2018年3月18日日曜日

ヨハネによる福音書第11章45から53節 「好都合」への疑問符

キリストは私たちのために、私たちに代わって死んでくださいました。それは、私たちにとっては世界が変わってしまう福音です。この世界は「わたしのために」で回っている世界だからです。この世界には好きに、やりたいことをやって生きるという福音もあります。自己実現が幸福の証しだと見なされます。でも、実際に今私たちが経験しているのは、そういう社会の生きづらさです。なぜ、私たちはイライラしたり、異様に疲れていたりして、社会全体が生きにくくなっているのでしょうか。一昨日、息子の幼稚園の修了式に行きました。子どもたちが「忘れないで」という讃美歌を歌いました。「忘れないで、いつもイエス様は君のことを見つめている。だからいつも絶やさないで、胸の中のほほえみを。」聞いていて、感動してしまいました。本当に忘れないでいてほしいと願います。「自分のために」の世界の中で、本当に私たちのために生き、また死んでくださった方のことを。

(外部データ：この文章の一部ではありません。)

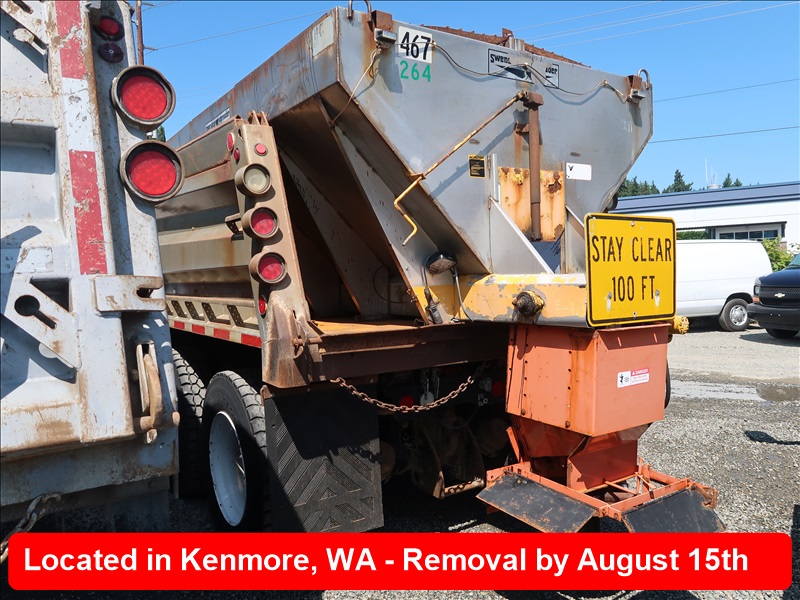 TRI/A DUMP TRUCK, 16'5" STEELBOX, SWENSON SANDER SPREADER,TAILGATE, 450 HP CAT C-15, 18SPD, HAULMAXX SUSPENSION,213" W/B, 46,000 LB REARS, DBLLOCKERS, DROP AXLE, PLUMBEDFOR PUP
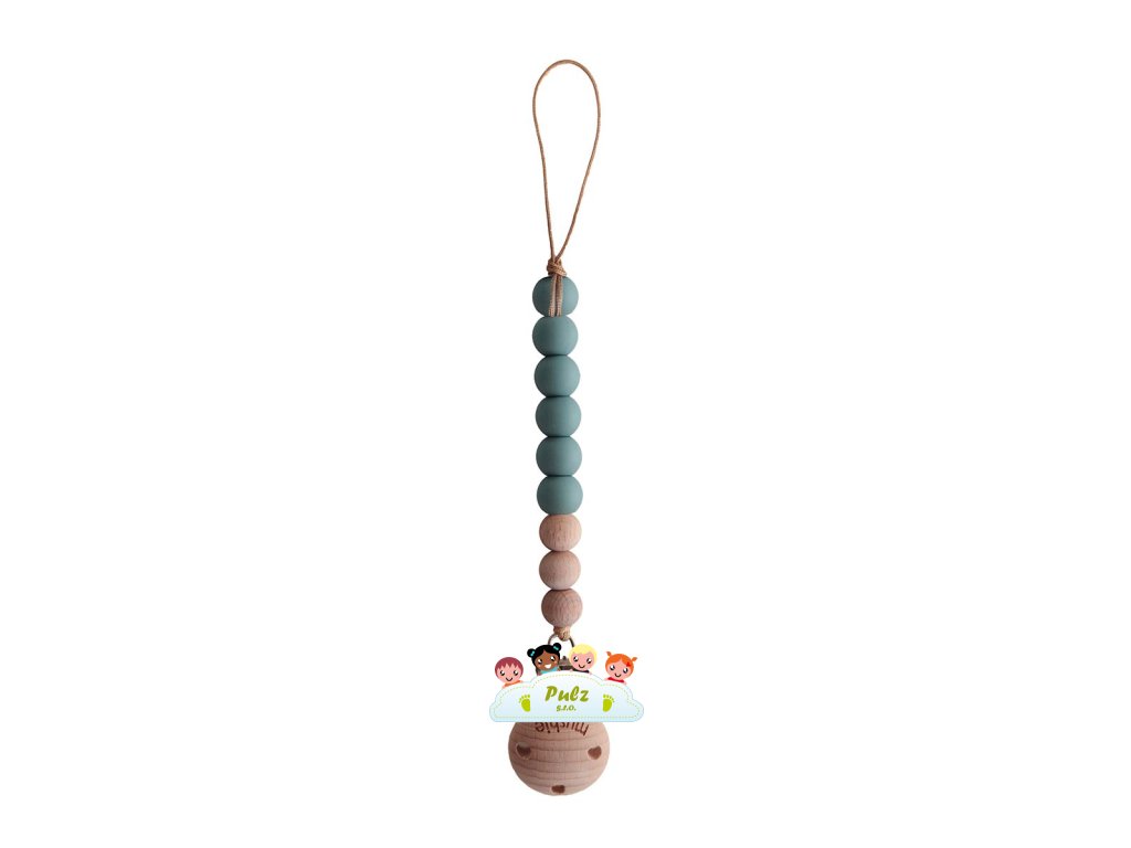Barevné silikonové korálky jsou vyrobeny ze 100% potravinářského silikonu, který neobsahuje BPA a ani jiné toxiny. Dřevěné korálky jsou vyrobeny z čistého přírodního dřeva bez jakéhokoliv dalšího chemického ošetření. Kovová část klipu je bez obsahu niklu a olova.
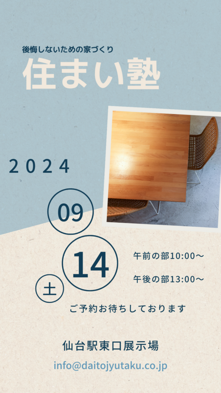 | タイトル | セミナー【宮城県仙台市宮城野区】家づくりを成功させるための「住まい塾」 |
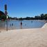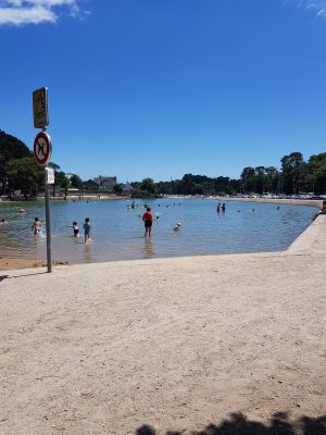 La plage dispose d'une piscine naturelle d'eau de mer alimentée par les mouvements des marées, créant un environnement contrôlé pour la baignade.

今日の聖書の御言葉は、なぜイエスが殺されることになったのかという理由が書いてあります。イエスが数々のしるしを行ったのを見て多くの人がイエスを信じました。最高法院は頭を悩ませます。このイエス人気がローマ帝国からユダヤに逆心ありと誤解されはしないか。すると大祭司カイアファが言いました。「あなたがたは何も分かっていない。一人の人間が民の代わりに死に、国民全体が滅びないで済む方が、あなたがたに好都合だとは考えないのか。」この言葉が決定的だったようです。この日から、彼らはイエスを殺そうとたくらむようになりました。主イエスは「自分のために」とか「好きに生きる」の世界の中で、その秩序を維持するために一番好都合だという理屈で殺されることになったのです。こういう現象を何というのでしょうか。スケープゴートとか人身御供というのでしょうか。それらは、システムを維持するために個人を犠牲にすることです。システムは本来は人間を守るためのものです。家族、学校、会社などもそうでしょう。集団だけではありません。電車の時刻表や交通ルールもシステムです。しかし、システムは時に人を守らなくなります。路地に隠れて取り締まる無意味な交通ルールの監視などはその典型例です。家族は時に愛の共同体ではなくなり、ある家族を犠牲にすることでなり立つこともあります。システムそれ自体が自己目的化するのです。それは、他人事ではなく、私たちの話です。カイアファの名前が再び登場するのは、18:14のイエスの裁判が始まる場面です。主イエスはカイアファのしゅうとのところへ最初送られ、尋問を受けました。茶番の裁判です。次にローマの総督ピラトのところへ。当時のユダヤでは死刑にする顕現がなかったので、ローマの力を借りようとしたのです。しかしピラトがいくら取り調べてもイエスに死刑の理由は見つかりませんでした。もう釈放したらどうかとピラトは持ちかけます。しかし、人々は叫びました。「殺せ。殺せ。十字架につけろ」と。ハッとします。イエスをしいて十字架につけたのは、大祭司でも総督でもありません。ただの普通の人々です。私でもあるのです。殺せ、十字架につけろ。それは私の叫びです。しかし、不思議なことにあのカイアファの言葉は預言であったと聖書は言います(11:51-52)。神が私たちを愛して、私たちの罪を償ういけにえとしてご自分の御子イエスを私たちに遣わしてくださったのです。ここに福音があります。   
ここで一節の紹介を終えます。